Work item:
From start to end, write out the following data exactly, apart from its images.

Supplied information:
<<<<

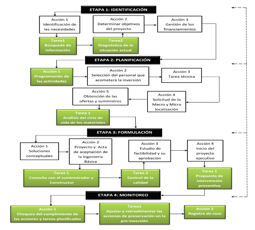 El procedimiento propuesto (figura 1) para la preservación en obras patrimoniales se estructura por cuatro etapas, las cuales se subdividen en acciones y tareas, las cuales se detallan a continuación:
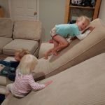 Cadence is always motioning for us to come play with her, and says “come” (sounds like ummm”). Asher is always bringing us a book to read to him. Isaac is always climbing on our heads. Makes it hard to do all three at once…
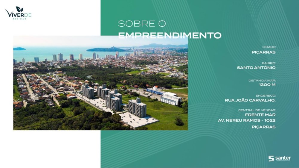 Pensado para ser um endereço de verão o ano inteiro, o viver Verde Eco Clube combina conforto e qualidade de vida em uma estrutura moderna. Situada entre os principais polos de crescimento do Estado, envolvido pela tranquilidade da mata Atlântica o empreendimento faz de Balneário Piçarras um dos mais belos cenários para conquistar o seu primeiro lar na praia uma oportunidade para valorizar o patrimônio com investimento altamente rentável.

>>>>

Task answer:
 El procedimiento propuesto (figura 1) para la preservación en obras patrimoniales se estructura por cuatro etapas, las cuales se subdividen en acciones y tareas, las cuales se detallan a continuación:
 Cadence is always motioning for us to come play with her, and says “come” (sounds like ummm”). Asher is always bringing us a book to read to him. Isaac is always climbing on our heads. Makes it hard to do all three at once…
 Pensado para ser um endereço de verão o ano inteiro, o viver Verde Eco Clube combina conforto e qualidade de vida em uma estrutura moderna. Situada entre os principais polos de crescimento do Estado, envolvido pela tranquilidade da mata Atlântica o empreendimento faz de Balneário Piçarras um dos mais belos cenários para conquistar o seu primeiro lar na praia uma oportunidade para valorizar o patrimônio com investimento altamente rentável.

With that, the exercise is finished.